(Work required) Take the line that contains "12月5日,西藏自治區(qū" and each one after it through the last line below, and retype them exactly. Leave out the pictures.

(Collected material)
⟨

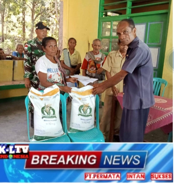 –klivetvindonesia.com– Naibenu, 24 Juli 2025 – Dua orang personel Pos Manamas, Sertu Padang Muwito dan rekan, melaksanakan kegiatan penyaluran beras Bulog di aula kantor Desa Manamas. Kegiatan ini bertujuan untuk membantu masyarakat yang mengalami kesulitan akibat gagal panen. (23/7).
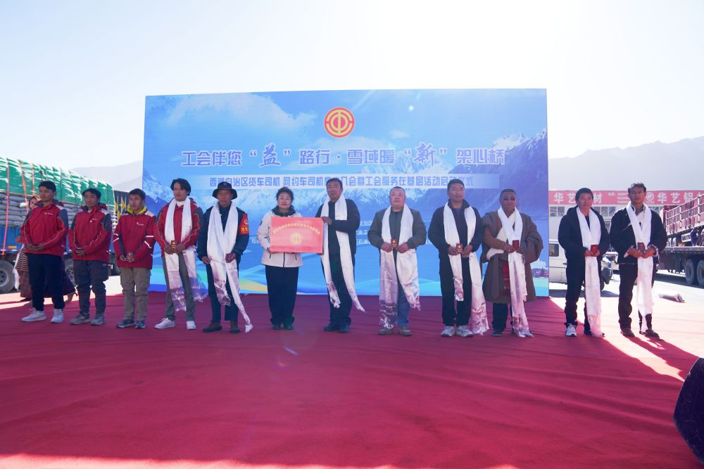 12月5日,西藏自治區(qū)貨車(chē)司機(jī)、網(wǎng)約車(chē)司機(jī)集中入會(huì)暨工會(huì)服務(wù)在基層活動(dòng)啟動(dòng)儀式在拉薩城投物流園舉行。新華社發(fā)
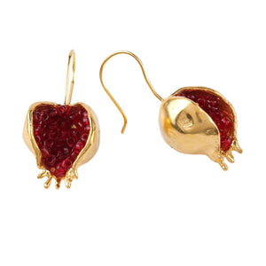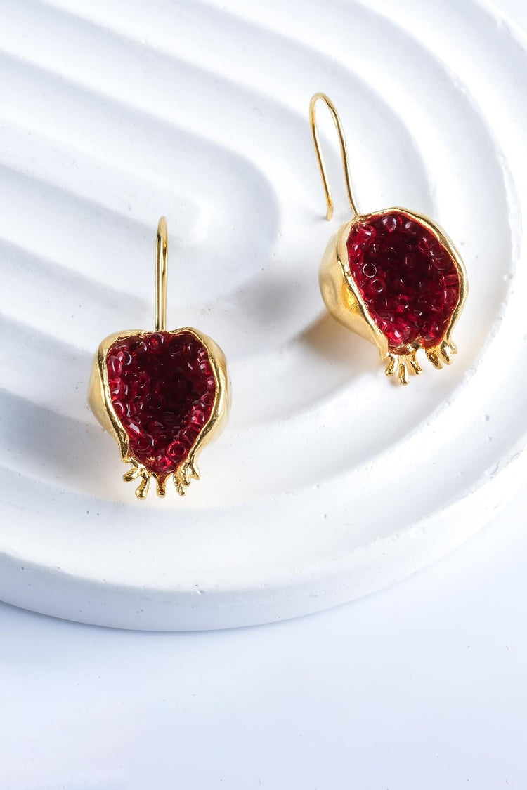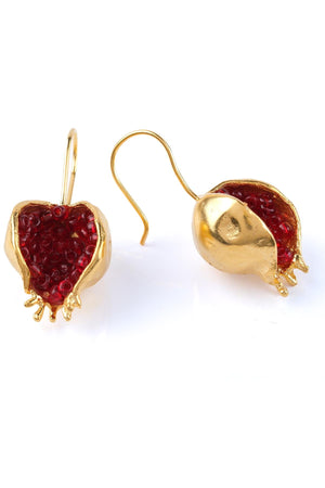 Beyisa Bereket Series Red Garnet Stone Gold Plated Women's Pomegranate Motif Silver Earrings 22K Gold

⟩

(Solution to the problem)
 12月5日,西藏自治區(qū)貨車(chē)司機(jī)、網(wǎng)約車(chē)司機(jī)集中入會(huì)暨工會(huì)服務(wù)在基層活動(dòng)啟動(dòng)儀式在拉薩城投物流園舉行。新華社發(fā)
 Beyisa Bereket Series Red Garnet Stone Gold Plated Women's Pomegranate Motif Silver Earrings 22K Gold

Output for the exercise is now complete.